+++ Supplied information +++
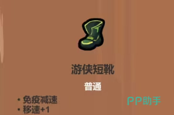 游侠短靴则是敏捷流派的核心配置之一,赋予角色极高的机动自由度。其免疫减速的特性使得玩家在冰冻区域或粘滞地形中依然能保持流畅移动,配合额外的移速加成,可实现灵活穿梭于密集弹幕之间。尤其推荐与具备多重射击能力的法杖组合使用,在高速位移的同时维持稳定输出,极大增强生存与清怪效率。
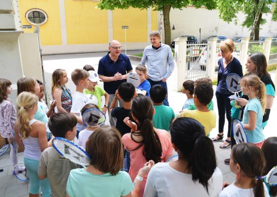 Bei der Vorbereitung der Klassen 1a und 2c an der Kreuzschule Regensburg für den Seelauf in Neutraubling stellte sich heraus, dass die Mittagsbetreuung der Schule fast keine Sportgeräte zur Verfügung hat. Mit Hilfe des Armin Wolf Laufteams hat sich das jetzt geändert. Herr Tahedl von Intersport Tahedl hat sich bereit erklärt der kompletten Mittagsbetreuung Fußbälle, einen Volleyball sowie Tischtennis- und Badminton-Ausrüstung in großer Zahl zu schenken. Vielen Dank!
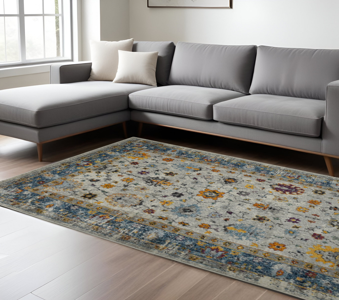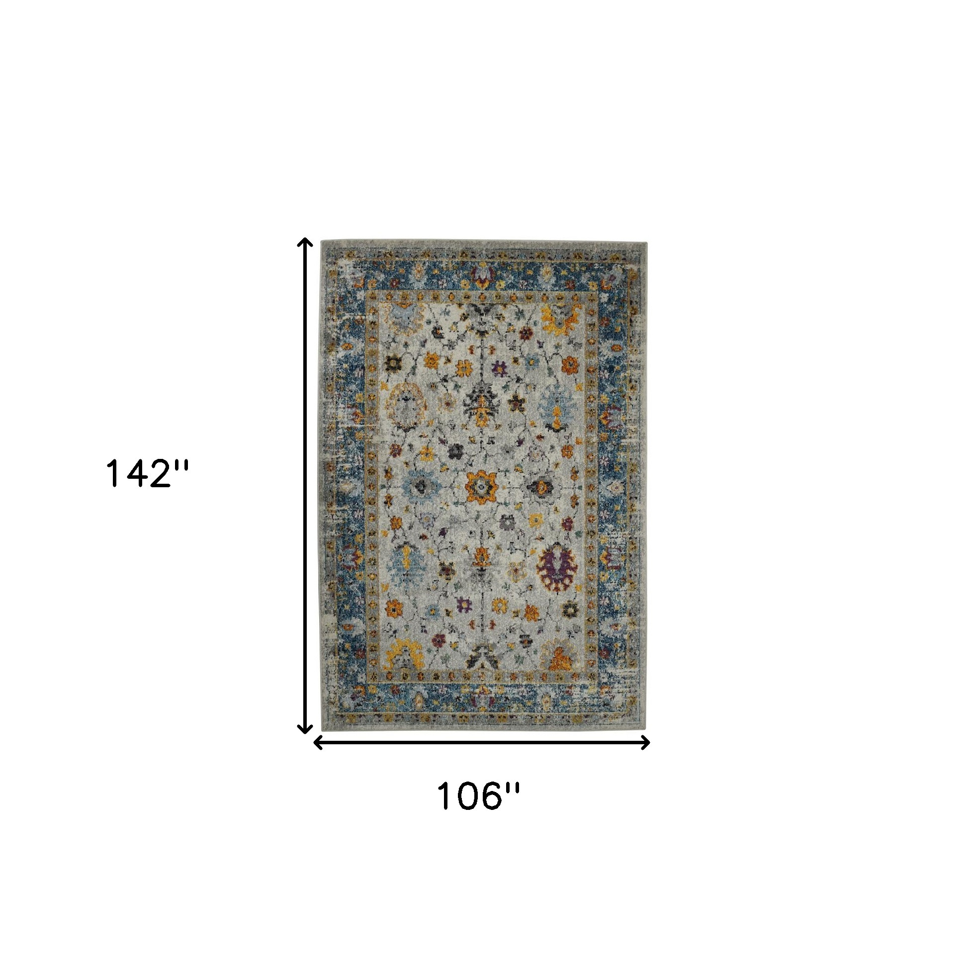 Set an inviting tone in your space with this 9-foot x 12-foot gray blue and orange area rug. Ideal for spaces with kids and pets, this rug is stain resistant to help repel dirt and spilled liquids. Built to last, this rug crafted from polypropylene fibers is known for its durability and long lasting appeal. Rugs are a great way to showcase your style, hide imperfections, warm your home and reduce noise. This larger sized, persian styled rug is ready to create a focal point or statement piece in your room. 106.00-inch h x 142.00-inch w x 0.38-inch d.
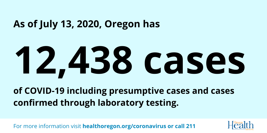 We want to keep you informed about COVID-19 in Oregon. Data are provisional and change frequently. • Samples for 11,795 patients tested positive. • Samples for 288,274 patients tested negative. Oregon Health Authority reported 280 new confirmed and presumptive cases of COVID-19 as of 12:01 a.m. today bringing the state total to 12,438. The new confirmed and presumptive COVID-19 cases reported today are in the following counties: Clackamas (20), Columbia (6), Coos (2), Gilliam (1), Hood River (2), Jackson (3), Klamath (1), Lane (4), Linn (1), Malheur (27), Marion (36), Morrow (9), Multnomah (82), Polk (2), Umatilla (28), Wallowa (1), Washington (47), and Yamhill (8). Oregon’s 235th COVID-19 death is a 67-year-old man in Marion County who tested positive on July 8 and died July 11, in his residence. He had underlying conditions. Oregon’s 236th COVID-19 death is a 76-year-old man in Clackamas County who tested positive on July 1 and died July 4, in his residence. He had underlying conditions. Oregon’s 237th COVID-19 death is a 54-year-old man in Umatilla County who died on July 8 in his residence and tested positive post-mortem on July 9. He had underlying conditions. An outbreak of 20 cases has been reported at Shearer’s Foods in Umatilla County. The case count includes all persons linked to the outbreak, which may include household members and other close contacts to an employee. The outbreak investigation started on June 26, but the initial case count was below the threshold for public disclosure. An outbreak of 102 cases has been reported at Snake River Correctional Institution in Malheur County. The case count includes all Oregon residents linked to the outbreak, which may include household members and other close contacts to an employee. The case count does not include any Idaho residents who may be associated with the outbreak, as laboratories report positive tests results to the state in which an individual resides. OHA is working closely with Idaho to coordinate contact tracing across state lines. The outbreak investigation started on June 24, but at that time the case count was below the threshold for public disclosure. The outbreak was reported in the COVID-19 Weekly Report on July 8 with six cases. State and county public health officials are working with these organizations to address these outbreaks and protect the health of workers. For more information, visit healthoregon.org/coronavirus
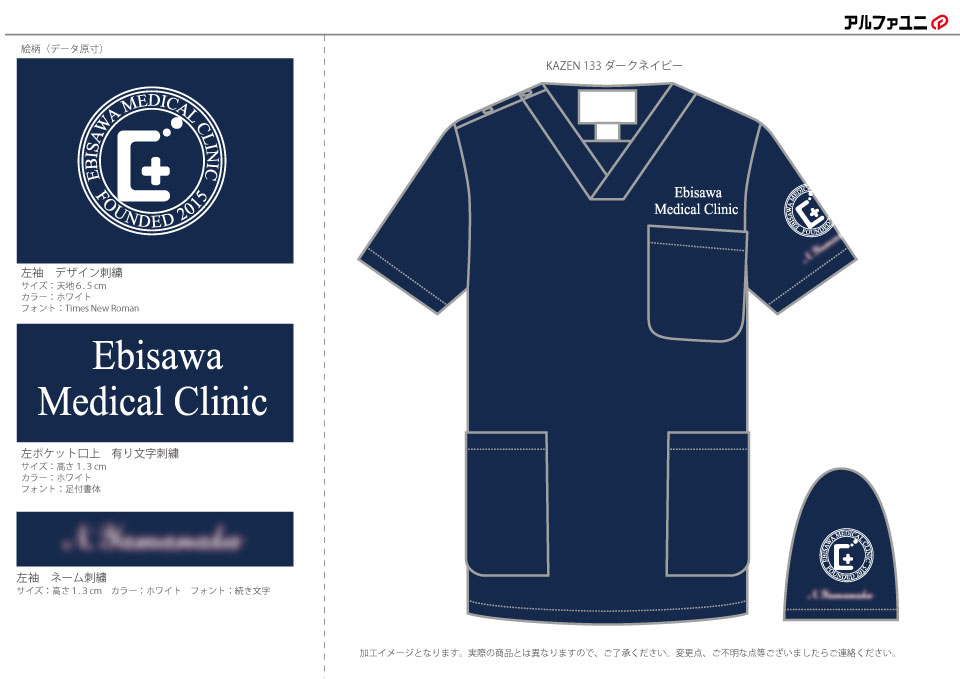 デザイン刺繍 えびさわ内科クリニック様 Cランク円形(丸型)デザイン袖 えびさわ内科クリニック様スクラブロゴマーク刺繍デザインのご紹介です。このたびは製作のご依頼ありがとうございました。 このデザインについて 【刺繍加工のポイント】 円形の中の小さな2つの塗りつぶしの丸のサイズは大きいほうで5mm、小さいほうで約3mmです。 3mmの丸について、何とか円形と言えるレベルで再現できていますが、これより小さい丸は円形を保つことが難しくなり、どうしても歪んでしまいます。 刺繍位置 :左袖/左ポケット口上 刺繍サイズ:左袖デザイン刺繍 天地6.5㎝、ネーム刺繍 高さ1.3㎝/ポケット口上有り文字刺繍 高さ1.3㎝ 刺繍カラー:ホワイト 使用スクラブ:KAZEN 133スクラブ この記事をシェア
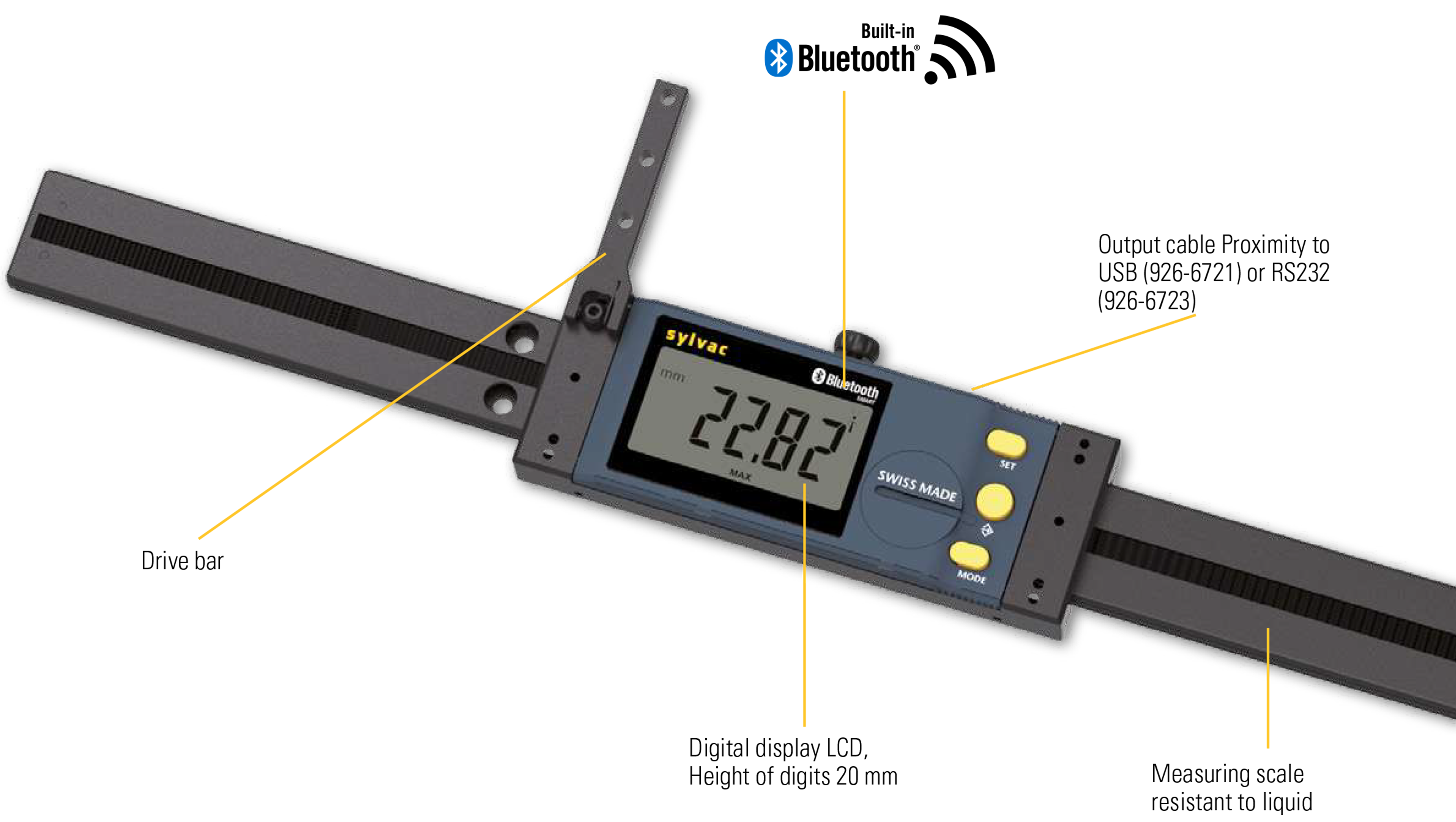 • Ultra-light, large linear ruler with integrated Bluetooth® system
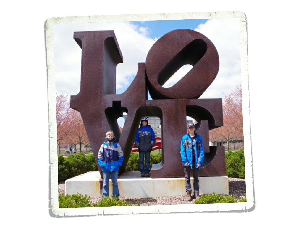 Yep. It’s a LOVE statue. I know…it’s been done a thousand times, but I couldn’t help it. I’m sure you’ll see our kiddos in front of other LOVE statues before we’re done.
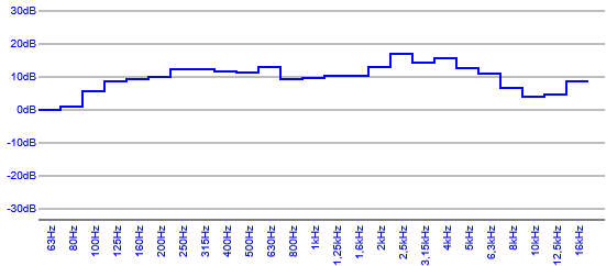 Courbe de réponse en fréquence mettant en évidence, la capacité des haut-parleurs à délivrer des sons graves, mediums et aigus.
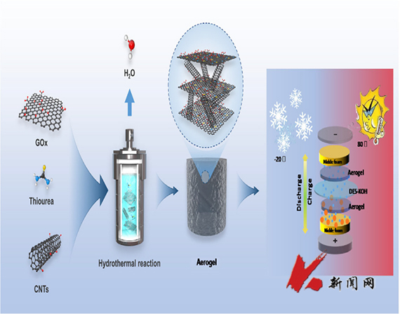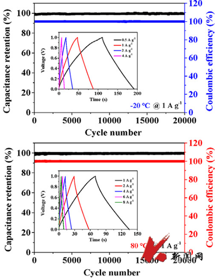 超級電容器,作為重要的電化學儲能裝置代表之一,由于其高比容量、長循環時間和快速充電/放電等優點在許多領域具有廣闊的應用前景。然而,在一些工況條件下,超級電容器需要在極端溫度下運行,因此,開發可在非常溫條件下工作的高效電極和電解質是超級電容器能否實現商業多元化的重要研究目標。該項研究介紹了一種利用簡單的自組裝方法制備三維碳納米管/還原氧化石墨烯氣凝膠材料的方法,三維氣凝膠可同時作為對稱超級電容器的正極和負極。所制備的超級電容器不僅在室溫下,而且在極端溫度(-20℃至80℃)下表現出優異的超級電容性能。以KOH作為電解質,在25℃和80℃時分別達到107.8和128.2 F g-1,用深共晶溶劑作為電解質在-20℃和60℃時分別達到80.0和144.6 F g-1。重要的是,組裝后的超級電容器在寬溫度范圍內經過20000次充電/放電測試循環后,電容保持率和庫侖效率幾乎保持不變。這項工作為極端溫度下靈活運行的高性能超級電容器的制備提供了可能。(供稿單位:化工學院 圖片來源:化工學院)
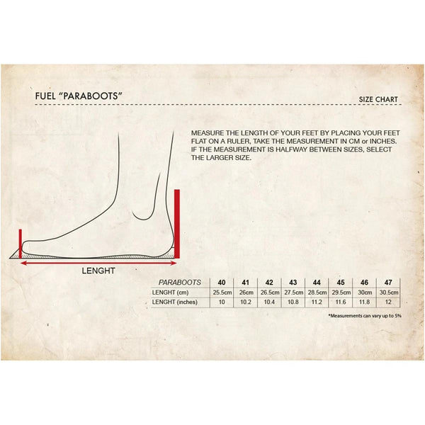 Please see below measurements for guidance or feel free to contact us if you'd like any advice about buying Fuel Para boots online, or confirm stock levels before visiting the shop to try on.
+++
All that is wanted is the lines above between the one containing "integrated Bluetooth® system" and the one containing "Courbe de réponse", inclusive, restated word for word, with pictures omitted.

_Result of the task_
 • Ultra-light, large linear ruler with integrated Bluetooth® system
 Yep. It’s a LOVE statue. I know…it’s been done a thousand times, but I couldn’t help it. I’m sure you’ll see our kiddos in front of other LOVE statues before we’re done.
 Courbe de réponse en fréquence mettant en évidence, la capacité des haut-parleurs à délivrer des sons graves, mediums et aigus.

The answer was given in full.